Externe bedieningsterminal
Definitie van externe bedieningsterminal
Schakel waarde | Terminalcode | Terminal-functie | Instructie | |||||||
Relaisuitgang | 1 | Uitgang omzeilen | controle-bypass-schakelaar, wanneer de softstarter succesvol start, is het GEEN contact zonder voeding, capaciteit: AC250V/5A | |||||||
2 | ||||||||||
3 | Programmeerbare relaisuitgang | uitgangstype en functies worden ingesteld door P4 en PJ, het is GEEN contact zonder voeding, capaciteit: AC250V/5A | ||||||||
4 | ||||||||||
5 | Storing relaisuitgang | wanneer de softstarter defect is, wordt dit relais gesloten, het is GEEN contact zonder voeding, capaciteit: AC250V/5A | ||||||||
6 | ||||||||||
Invoer | 7 | Tijdelijke stop | softstarter normaal start, deze klem moet worden ingekort met klem 10. | |||||||
8 | Stoppen/resetten | wordt aangesloten op klem 10 om 2-lijns, 3-lijns, volgens verbindingsmethode. | ||||||||
9 | Begin | |||||||||
10 | Gemeenschappelijke terminal | |||||||||
Analoge uitgang | 11 | simulatie gemeenschappelijk punt (-) | uitgangsstroom van 4 keer de nominale stroom is 20mA, deze kan ook worden gedetecteerd door een externe DC-meter, hij kan een maximale belastingsweerstand uitvoeren van 300. | |||||||
12 | simulatie stroomuitgang (+) |
Beeldscherm
Indicator | Instructie | ||||||||
KLAAR | wanneer het apparaat is ingeschakeld en gereed is, is deze indicator licht | ||||||||
DOORGANG | wanneer de bypass in werking is, is deze indicator licht | ||||||||
FOUT | wanneer er een storing optreedt, is deze indicator licht | ||||||||
A | instellingsgegevens zijn de huidige waarde, deze indicator is licht | ||||||||
% | instellingsgegevens zijn het huidige percentage, deze indicator is licht | ||||||||
s | instellingsgegevens zijn tijd, deze indicator is licht |
statusindicator instructie
Knopinstructie-instructie
De softstarter uit de RDJR6-serie heeft 5 soorten operationele status: gereed, werking, storing, start en stop, gereed, werking, storing
heeft een relatief indicatorsignaal.Instructie zie bovenstaande tabel.

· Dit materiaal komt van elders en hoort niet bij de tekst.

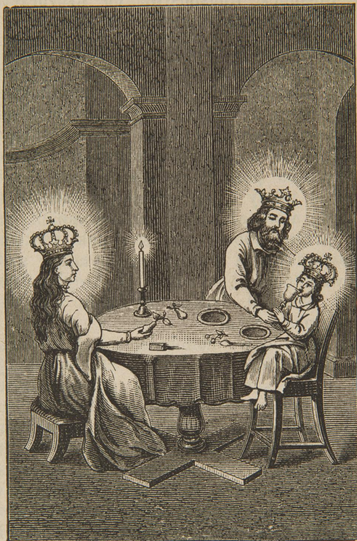
Cudowny obraz Najśw. Rodziny w Miedniewicach.

12. Svatá rodina z Miedniewic, sbírka devoční grafiky Fundacji XX. Czartoryskich Krakow, sign. XV-R. 8422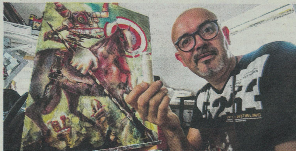
Doudoudidon à la chapelle de Christ, Ploumilliau Fred Legrand

Le troisième arrêt expo se situe à Ploumilliau. Si les cy-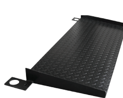
Rampa de acceso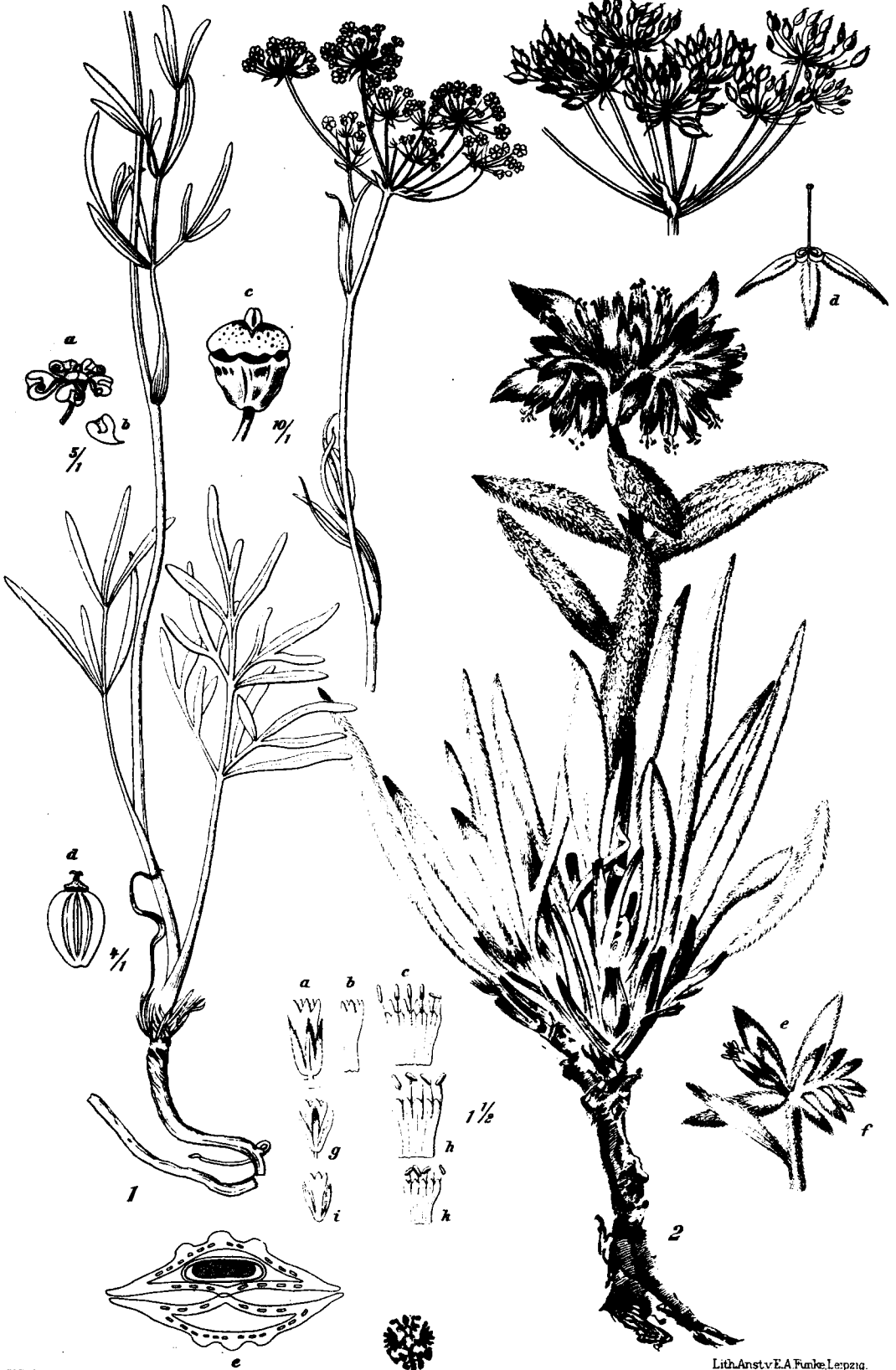
Fig.1. Peucedanum salsaugineum sp.n.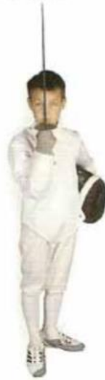
2 e temps , la coquille vient sous le menton.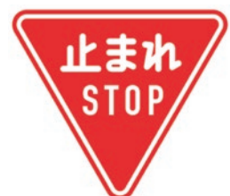
英字を併記した様式「一時停止」

2017年度（平成29年度）に英語を併記した規制標識の整備が可能となったことから、これらの道路標識を更新等に合わせて順次整備しており、2019年度（令和元年度）末現在、約112,000枚の規制標識「一時停止」について英字が併記された。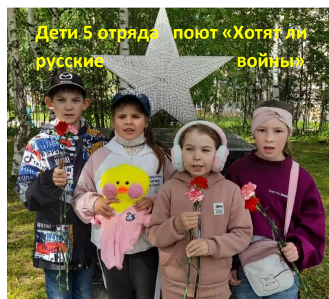
Дети 5 отряда поют «Хотя бы русские войны»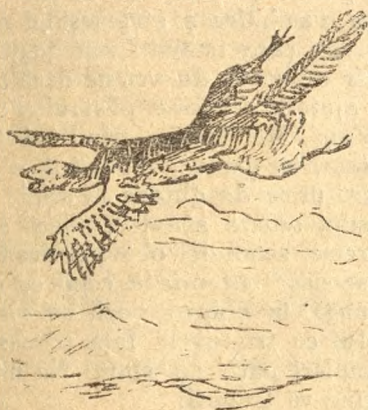
Fig. 12. Infățișarea celei mai vechi paseri.

dar nu ca o pasăre de azi, prea lung drum. Mai de grabă săvârșea un sbor planat, ca un aeroplan, de pe creanga unui copac înalt, pe alta mai joasă sau pe pajistea din piaonă. Mare emoție în lumea învățată a stârnit găsirea celei dintâi pene, în 1860, în vestitele calcaruri dela Solenhofen, cu bobul fin și din cauza aceasta atât de prețuite în arta litografiei. După un an, toate ziarele anunțau vestea, că s'a mai găsit și o parte din schelet. S'a pus preț mare pe el și s'a vândut cu 600 Pfd Sterling pentru British Museum din Londra. Era o avere întreagă pe acea vreme.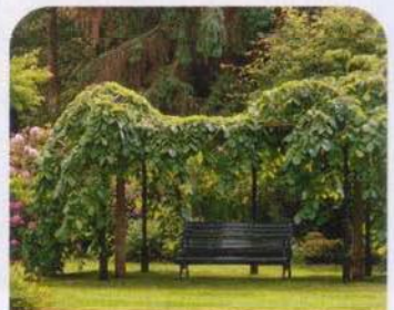
Hängebaum – Blickfang auch in formalen Gärten

Die einfachste Ausführung ist denkbar schlicht und quasi umsonst zu errichten. Wird der Platz gekiest oder gepflastert, muss ein Fundament ausgehoben werden, das zu 2/3 mit verdichtetem Schotter, zu 1/3 mit Kies gefüllt wird. Darauf werden die Steine oder Platten verlegt. !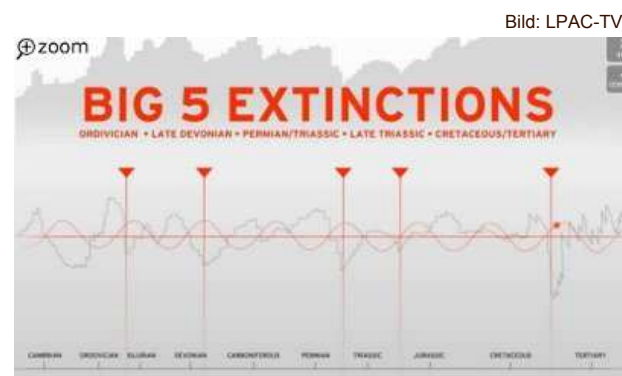
Abb. 1: Die fünf „großen Extinktionen“, bei denen jeweils mehr als 50% aller Gattungen ausstarben, traten in einem Zyklus von ca. 62 Mio. Jahren ein - jeweils dann, wie auch momentan wieder, wenn die Erde im Verlauf ihrer auf- und abwärts schwingenden Bewegung die Ebene der Galaxis überschritten

Jene, die sich in der biologischen und geologischen Geschichte unseres Planeten gut auskennen, werden einwenden: „Sie stellen hier einfache Korrelationen her, wodurch galaktische Zyklen und kosmische Strahlung mit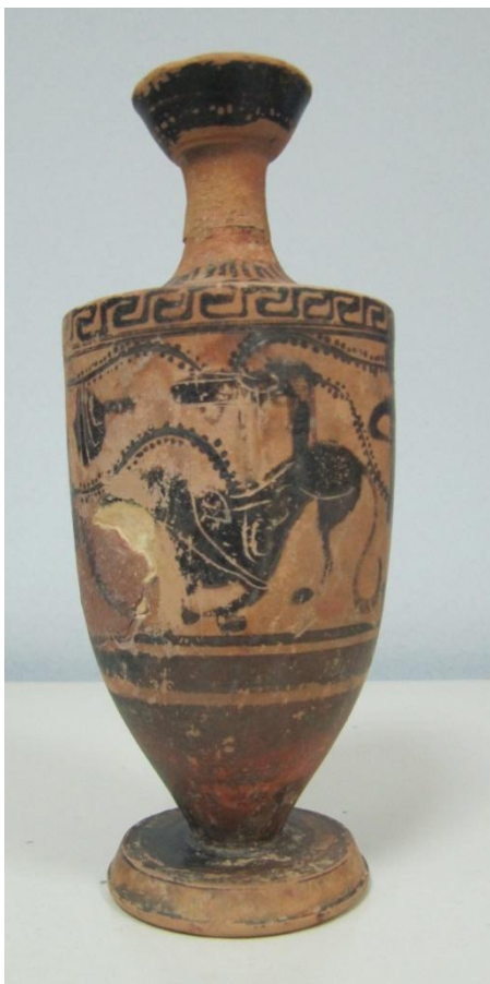
Εικόνα 90: Λήκυθος ΜΑΙΤ 9174, αρ. κατ. 25.

Bij de soft-start- en soft-stopping-verwerking kunnen er geen gegevens worden ingesteld, alleen als deze zich in een andere staat bevinden.
Onder de instellingsstatus zou de instellingsstatus na 2 minuten de instellingsstatus verlaten zonder enige bediening.

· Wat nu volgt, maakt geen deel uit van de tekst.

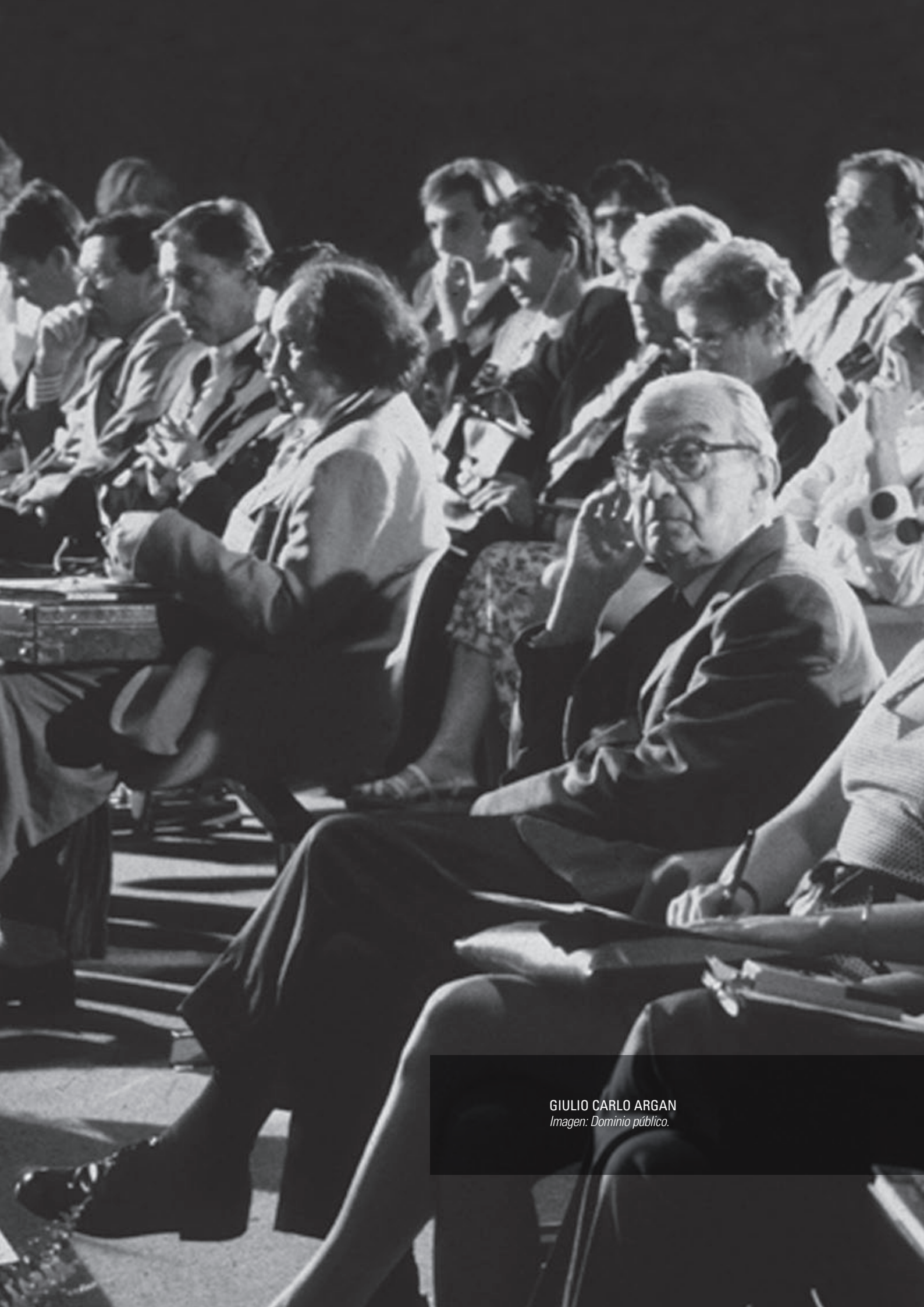
GIULIO CARLO ARGAN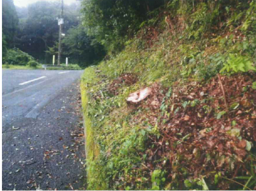
支障木伐採(通行車両の利便性向上)

Druk eerst op de “enter”-knop, laad vervolgens op en start de starter.Na het luisteren naar het waarschuwingsgeluid kan het de reset uitvoeren
gegevens terug naar fabriekswaarde.
Uiterlijk en montagemaat
Toepassingsdiagram
Normaal controlediagram
Instructie:
1.Externe terminal gebruikt tweeregelig tcontrol-type. Wanneer KA1 gesloten is om te starten, open om te stoppen.
2. softstarter die boven de 75 kW de bypass-schakelaarspoel moet regelen via het middelste relais, vanwege de beperkte aandrijfcapaciteit van het interne relaiscontact van de softstrater.
12.2 één gemeenschappelijk en één standby-besturingsschema
12.3 één gemeenschappelijk en één standby-besturingsschema
Instructie:
1. In het diagram gebruikt de externe terminal het type met twee lijnen
(wanneer 1KA1 of 2KA1 gesloten is, begint het. Wanneer ze breken, stopt het.)
2. Softstarters boven 75 kW moeten de bypass-schakelaarspoel regelen via het middelste relais vanwege de beperkte aandrijfcapaciteit van het interne middelste relaiscontact van de softstarter.